QuartataWeb 1.0

QuartataWeb

Background

Data on protein-drug interactions are rapidly increasing and being collected in databases (DBs) such as DrugBank. These DBs usually contain information on known/observed interactions, while the lack of data for a given protein-drug pair does not necessarily mean that those protein-drug molecules are not interacting. Indeed, recent studies supported by both computations and experiments indicate that many drugs have side effects (i.e. they target multiple proteins) other than those known and compiled in DrugBank. Their promiscuity may be exploited for designing ‘repurposable’ drugs or developing polypharmacological treatments. Efficient identification of such potential interactions is an important goal that may be accelerated by machine learning methods.
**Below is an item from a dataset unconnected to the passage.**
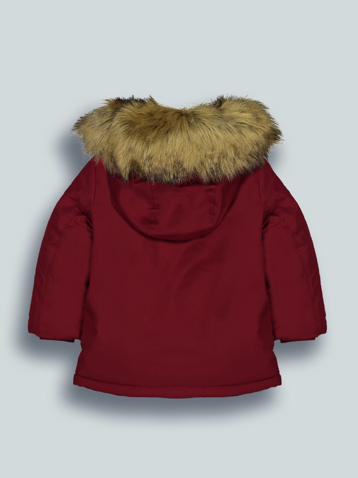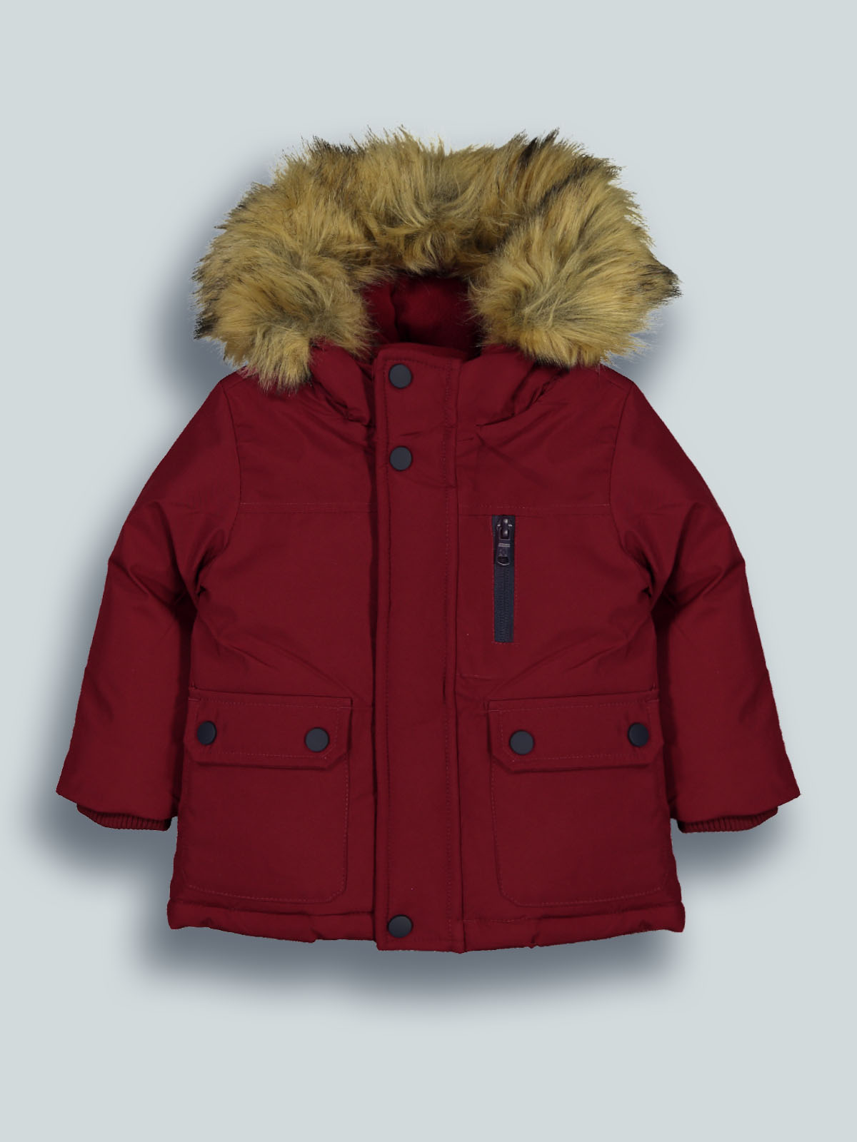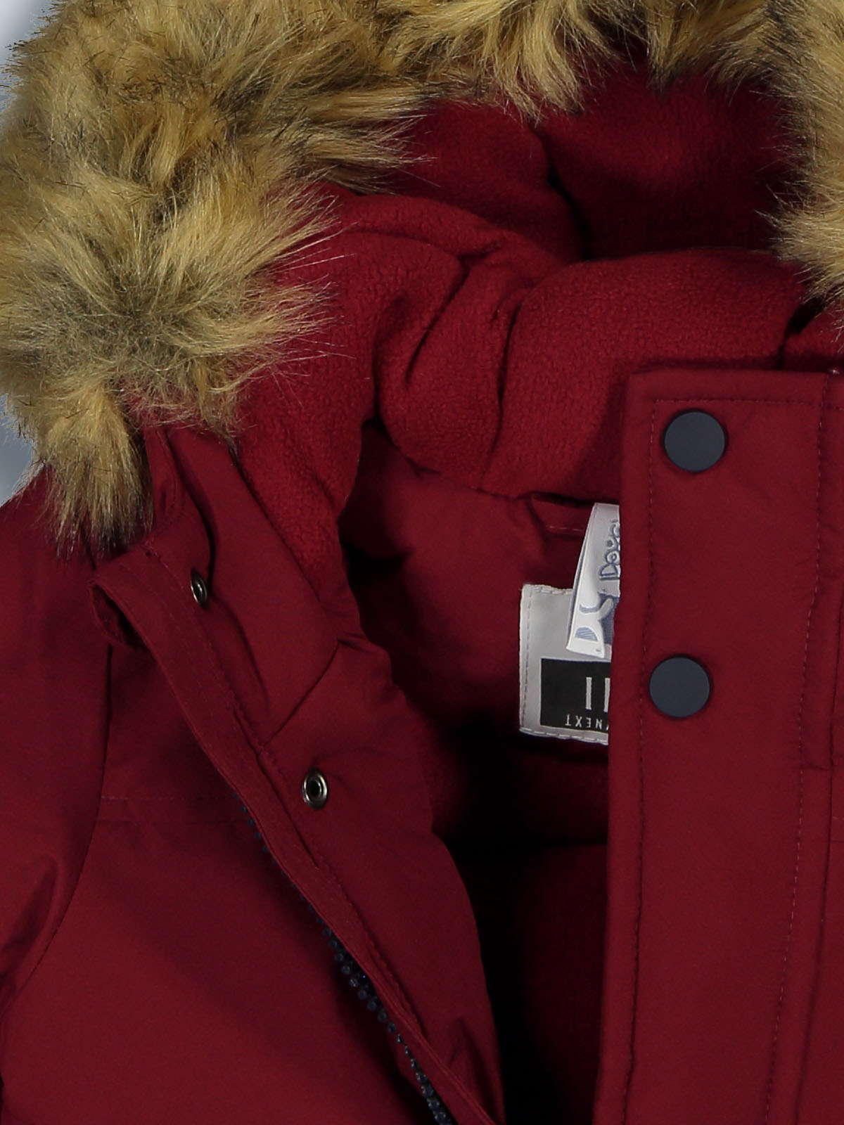Parka in nylon spalmato imbottito pesante, cappuccio con bordo in pelo staccabile con pratici bottoni a pressione. Aperto davanti con zip sotto alla patta, tasche davanti con pattine e zip a contrasto sul petto, polsi salvaneve in morbida costina. Fodera interna in pile e nylon, interno cappuccio in pile. Il capo ideale per rimanere bene al caldo.

There is a need for efficient identification of such data, and efficient dissemination of results.

1. Overview

In this tutorial, we will describe the following:

1.1 Browser compatibility

1.2 The significance and purpose of QuartataWeb

1.3 The methodology used to build QuartataWeb

1.4 The protocol for usage

1.5 Chemical-target interaction prediction confidence scores and how to interpret them

1.6 Chemical-chemical and target-target similarity scores and how to interpret them

1.7 The interactive network visualization

1.8 An example use of QuartataWeb for drug repurposing

1. Overview

1.1 Browser compatibility

The website is compatible with all modern browsers (Chrome, Firefox, Microsoft Edge and Safari) in Windows, Linux, MacOS as well as the iOS.

1.2 Significance

Predicting CTIs and analyzing their effects on cellular pathways are of great importance in drug discovery and are necessary for the development of

explaining the mechanism of actions and side effects.
avoiding late-phase toxicity failure.
enabling potential fast therapy development via drug repurposing.
developing new hypotheses for polypharmacological strategies.

1.3 Method

QuartataWeb solves this problem by learning latent factor models (LFMs) to predict CTIs by applying probabilistic matrix factorization (PMF) method on known CTIs extracted from the DrugBank v5 and STITCH v5- the latest stable version currently available. The LFMs enable large scale CTI prediction, chemical-chemical similarity and target-target similarity prediction based on CTI patterns. To infer pathways and biological functions, QuartataWeb utilizes and statistically analyzes the human pathways and functional annotations in KEGG Pathways DB and GO Annotations DB, (GOA). Thus, for a given input set of chemicals (similar to chemogenomics screens), users can obtain consolidated pathways or enriched GO terms, through large ensembles of known and predicted targets.

1.4 Protocol

To use the tool, please select one of the Data sources: DrugBank or STITCH. DrugBank is the default. FDA approved drugs, or all drugs in DrugBank, can be also selected in the Drug group. There are two input types can be selected: “Chemical and/or target” and “A list of chemicals, targets, or chemical combinations”.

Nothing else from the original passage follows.